Repeat the following data exactly, omitting pictures.

## Information provided
**********

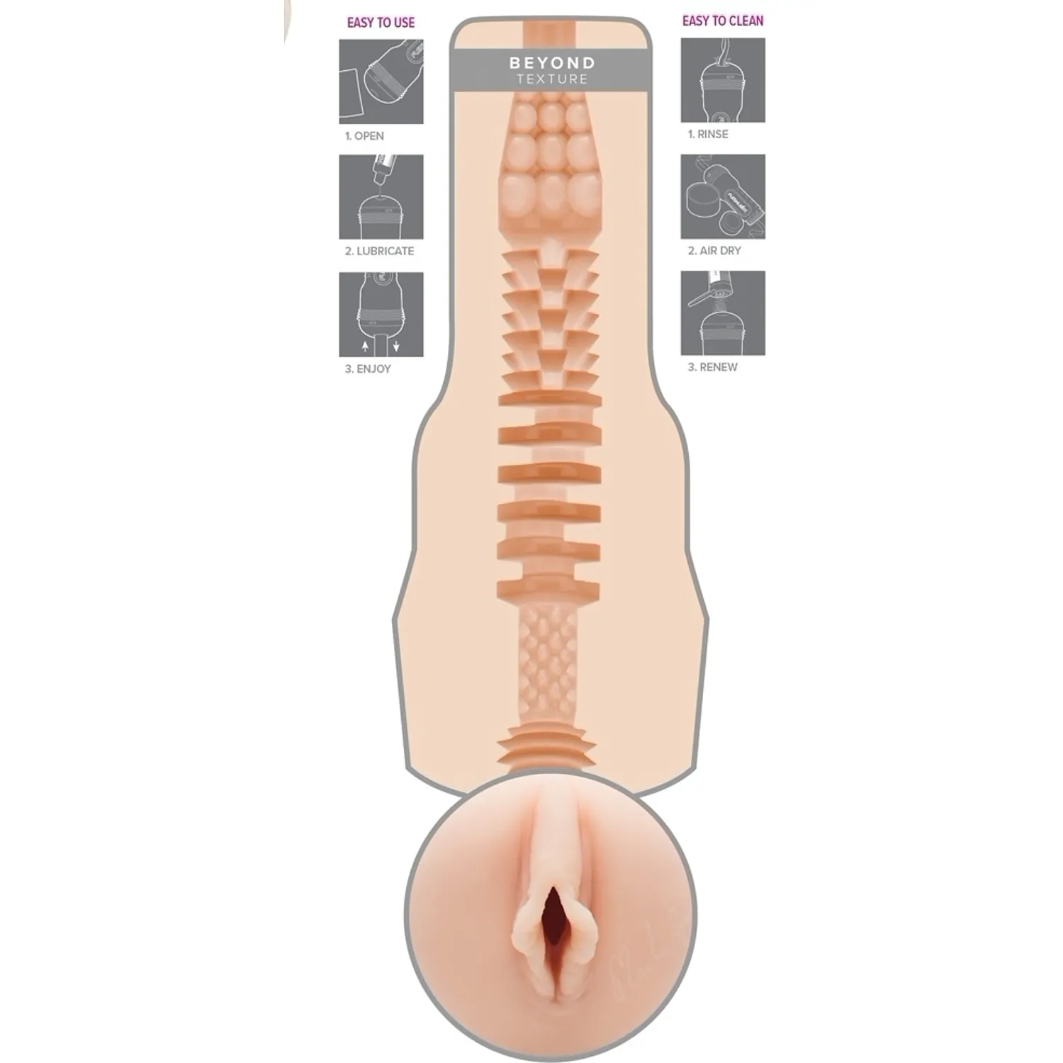 Masturbator Fleshlight Madison Ivy Beyond îți aduce aproximativ fiecare formă, fiecare textură și profil din zonele intime ale unei actrițe de top, Madison Ivy. Originară din Germania, are un aer special, emană sexualitate prin toți porii stârnind fantezii în mintea oricărui mascul (și nu numai). Canalul este extrem strâmt în zona de intrare. Urmează apoi o alternanță de cavități brăzdate de rizuri orizontale proeminente și zone strâmte acoperite de bumbi mici sau cili fini. Zona finală prezintă iar un diametru din ce în ce mai strâmt. La fiecare deplasare membrul tău va trece prin zone diferite, cu o culoare diferită a stimulării.
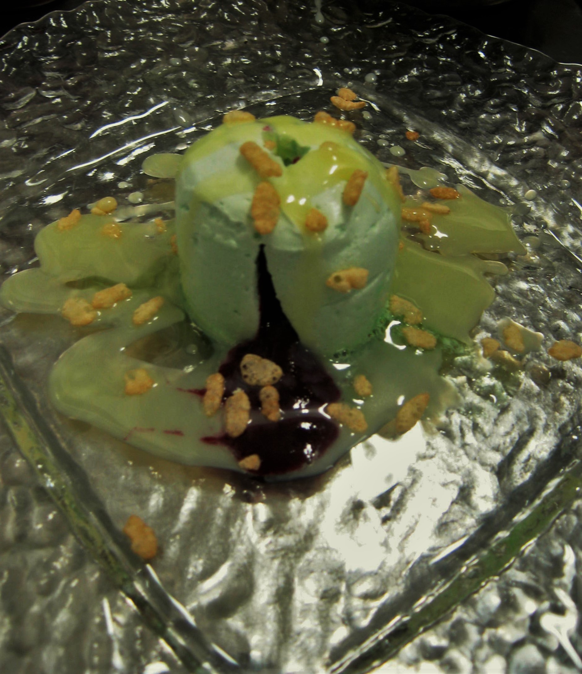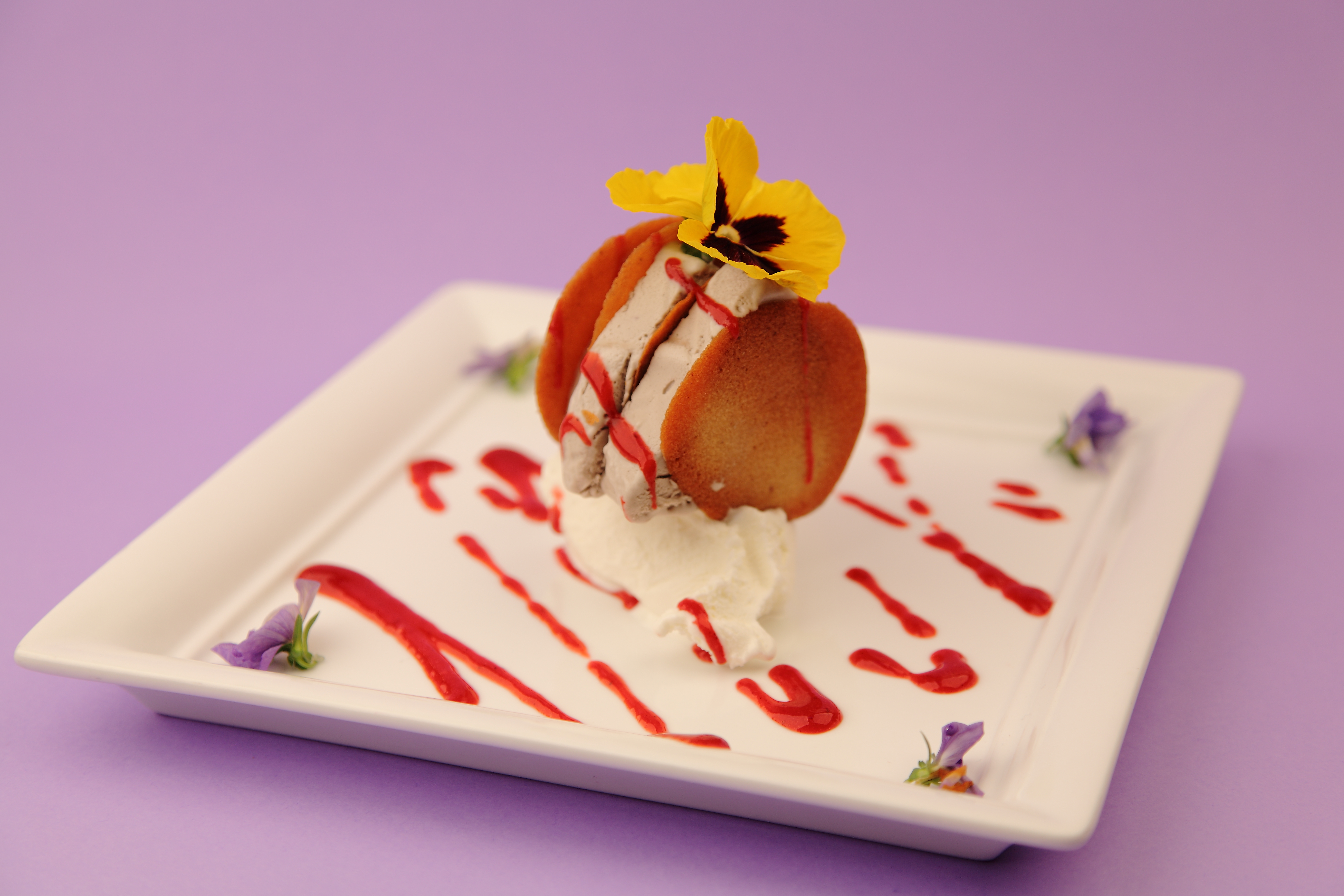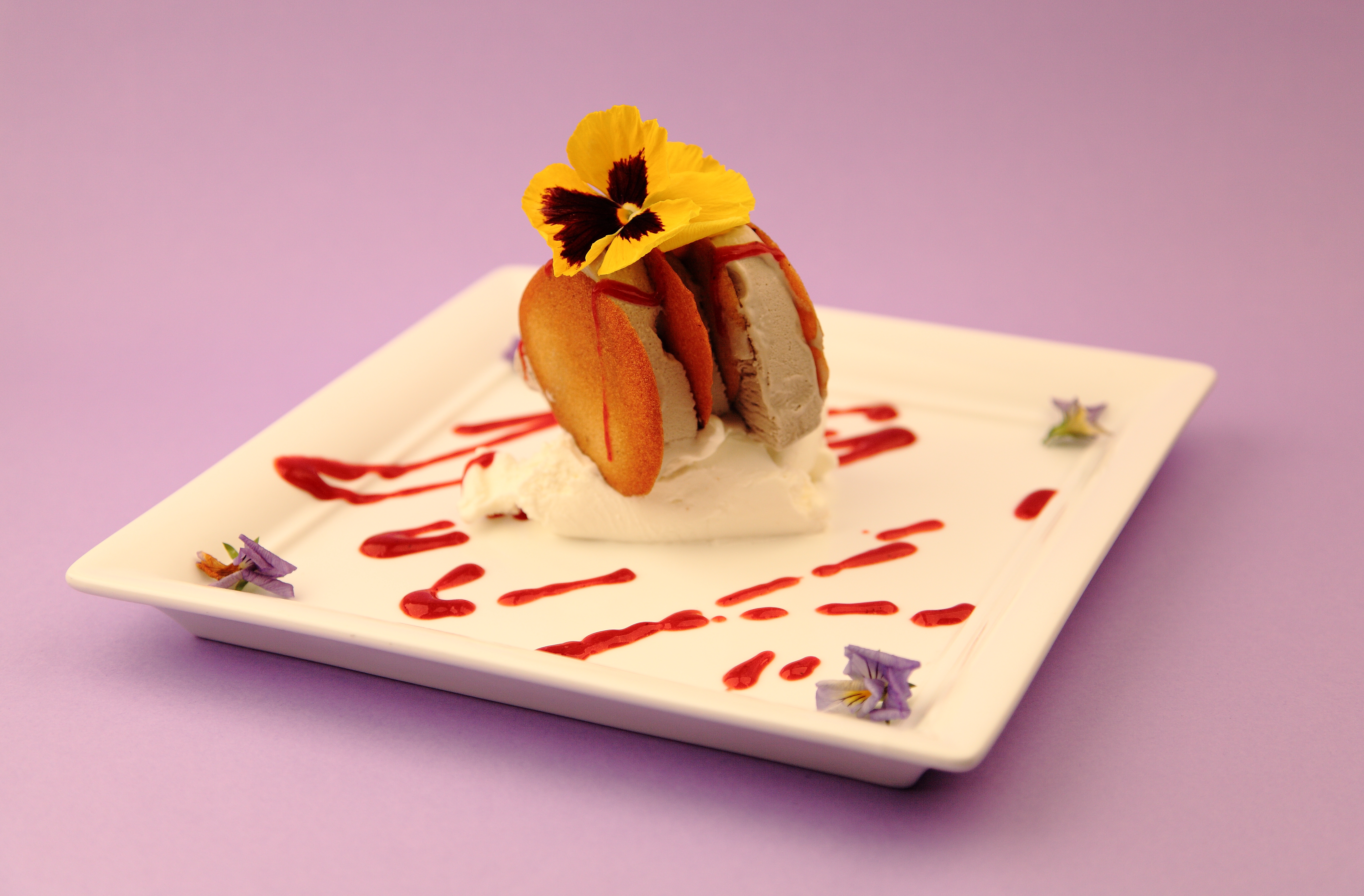 Cialde di zenzero con mousse di violetta e gelato al bergamotto
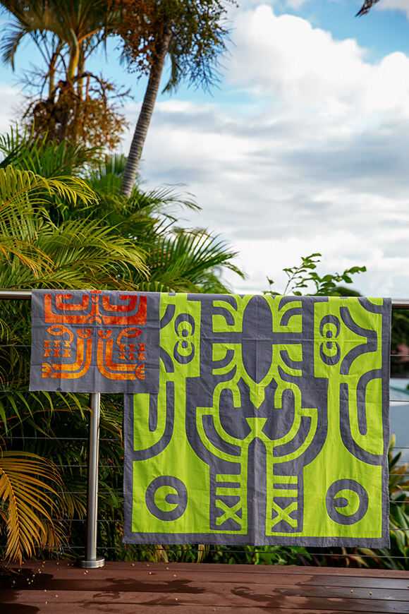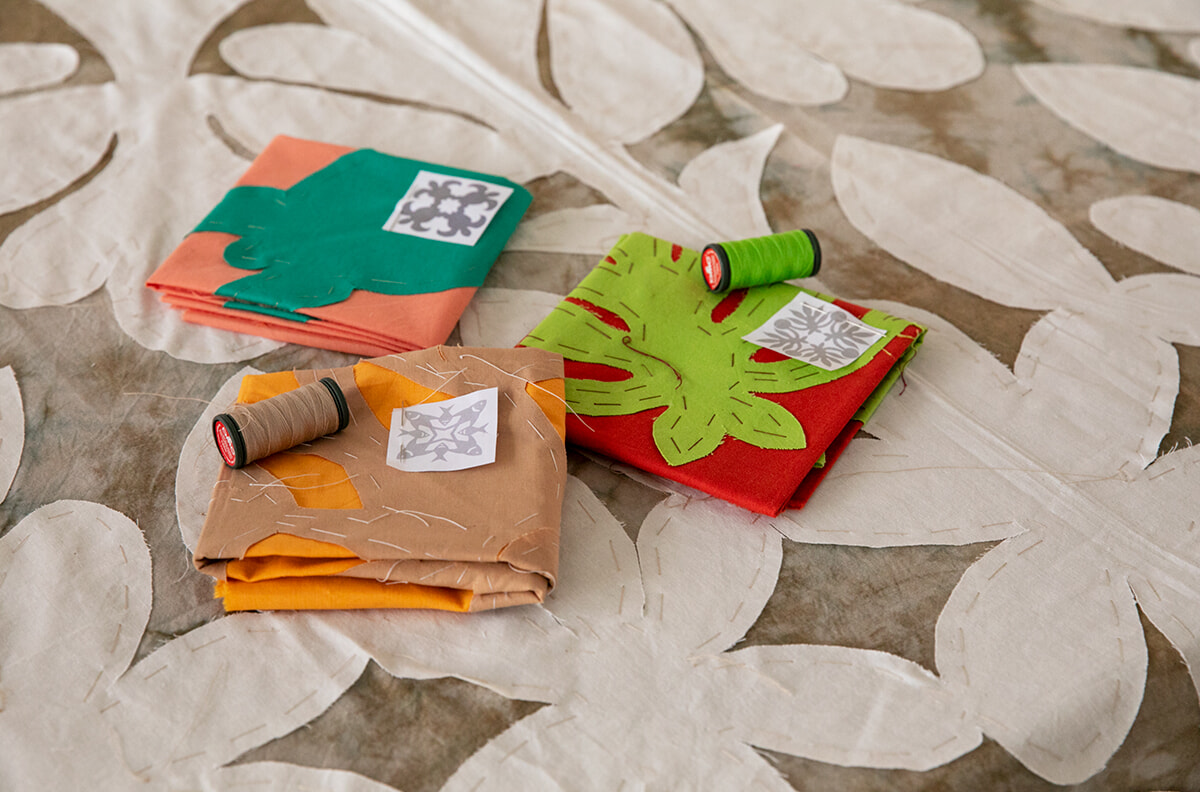 綿は詰めないタヒチ伝統のキルト、ティファイファイ。幼い頃からダンスコスチュームの制作で裁縫が身近だったラヴァは、ハワイでキルト教室、ニューヨークでファッションスクールに通い、自己流でティファイファイを作り始めた。モーレアの自宅でワークショップを開く一方、型紙と布、糸のキットを販売し、オンラインで作り方を公開。古典的な植物モチーフのモダンなアレンジや、タトゥーアーティストの夫に教わった図案も斬新だ。

**********

## Response
 Masturbator Fleshlight Madison Ivy Beyond îți aduce aproximativ fiecare formă, fiecare textură și profil din zonele intime ale unei actrițe de top, Madison Ivy. Originară din Germania, are un aer special, emană sexualitate prin toți porii stârnind fantezii în mintea oricărui mascul (și nu numai). Canalul este extrem strâmt în zona de intrare. Urmează apoi o alternanță de cavități brăzdate de rizuri orizontale proeminente și zone strâmte acoperite de bumbi mici sau cili fini. Zona finală prezintă iar un diametru din ce în ce mai strâmt. La fiecare deplasare membrul tău va trece prin zone diferite, cu o culoare diferită a stimulării.
 Cialde di zenzero con mousse di violetta e gelato al bergamotto
 綿は詰めないタヒチ伝統のキルト、ティファイファイ。幼い頃からダンスコスチュームの制作で裁縫が身近だったラヴァは、ハワイでキルト教室、ニューヨークでファッションスクールに通い、自己流でティファイファイを作り始めた。モーレアの自宅でワークショップを開く一方、型紙と布、糸のキットを販売し、オンラインで作り方を公開。古典的な植物モチーフのモダンなアレンジや、タトゥーアーティストの夫に教わった図案も斬新だ。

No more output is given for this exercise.